---- Data provided

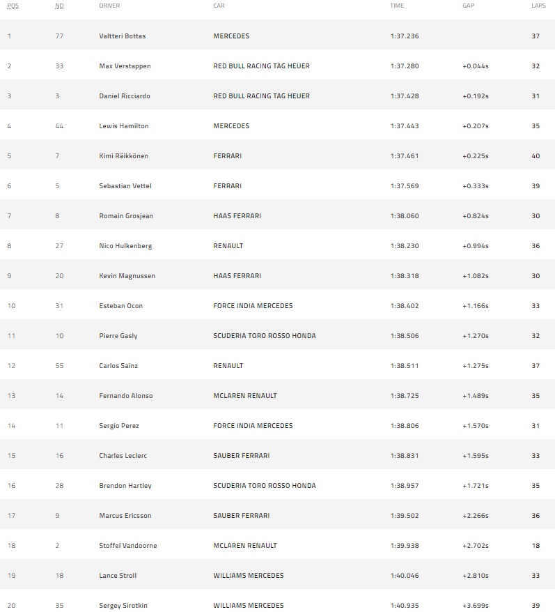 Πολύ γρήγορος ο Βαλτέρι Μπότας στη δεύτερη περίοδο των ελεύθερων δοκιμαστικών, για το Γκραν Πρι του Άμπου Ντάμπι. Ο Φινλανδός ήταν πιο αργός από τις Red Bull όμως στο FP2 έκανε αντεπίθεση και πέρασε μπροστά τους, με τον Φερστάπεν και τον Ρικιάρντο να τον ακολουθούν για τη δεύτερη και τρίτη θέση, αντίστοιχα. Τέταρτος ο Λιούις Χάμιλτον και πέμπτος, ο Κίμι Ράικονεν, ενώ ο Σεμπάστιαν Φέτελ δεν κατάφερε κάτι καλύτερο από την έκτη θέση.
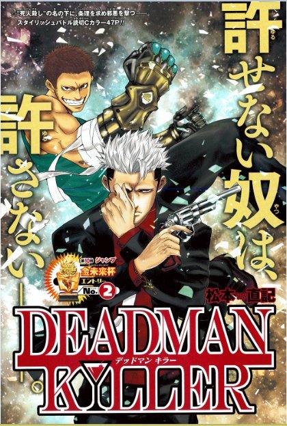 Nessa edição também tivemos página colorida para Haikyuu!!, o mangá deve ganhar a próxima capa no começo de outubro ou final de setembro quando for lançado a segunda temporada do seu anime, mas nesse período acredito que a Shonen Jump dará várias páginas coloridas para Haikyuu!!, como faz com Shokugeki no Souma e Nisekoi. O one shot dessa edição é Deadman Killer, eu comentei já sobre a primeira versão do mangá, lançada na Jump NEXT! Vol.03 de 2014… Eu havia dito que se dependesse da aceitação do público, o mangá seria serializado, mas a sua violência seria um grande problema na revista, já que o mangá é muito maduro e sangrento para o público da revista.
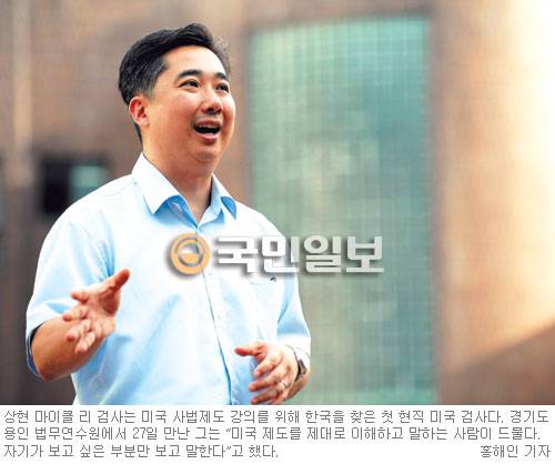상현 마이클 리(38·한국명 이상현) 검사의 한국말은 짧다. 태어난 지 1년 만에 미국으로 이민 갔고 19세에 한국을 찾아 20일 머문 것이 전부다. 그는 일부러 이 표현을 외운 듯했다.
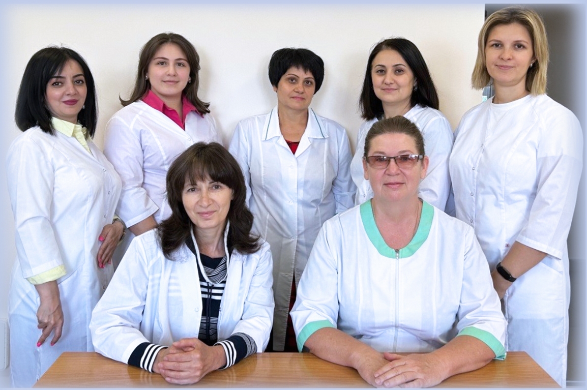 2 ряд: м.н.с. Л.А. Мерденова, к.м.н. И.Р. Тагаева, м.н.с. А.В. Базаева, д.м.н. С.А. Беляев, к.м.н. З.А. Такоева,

--------

▶ What you should do: Using the listing above, copy exactly the lines from the one that contains "Nessa edição também" through its last line, both included, but not the pictures.

▶ Expected output:
 Nessa edição também tivemos página colorida para Haikyuu!!, o mangá deve ganhar a próxima capa no começo de outubro ou final de setembro quando for lançado a segunda temporada do seu anime, mas nesse período acredito que a Shonen Jump dará várias páginas coloridas para Haikyuu!!, como faz com Shokugeki no Souma e Nisekoi. O one shot dessa edição é Deadman Killer, eu comentei já sobre a primeira versão do mangá, lançada na Jump NEXT! Vol.03 de 2014… Eu havia dito que se dependesse da aceitação do público, o mangá seria serializado, mas a sua violência seria um grande problema na revista, já que o mangá é muito maduro e sangrento para o público da revista.
상현 마이클 리(38·한국명 이상현) 검사의 한국말은 짧다. 태어난 지 1년 만에 미국으로 이민 갔고 19세에 한국을 찾아 20일 머문 것이 전부다. 그는 일부러 이 표현을 외운 듯했다.
 2 ряд: м.н.с. Л.А. Мерденова, к.м.н. И.Р. Тагаева, м.н.с. А.В. Базаева, д.м.н. С.А. Беляев, к.м.н. З.А. Такоева,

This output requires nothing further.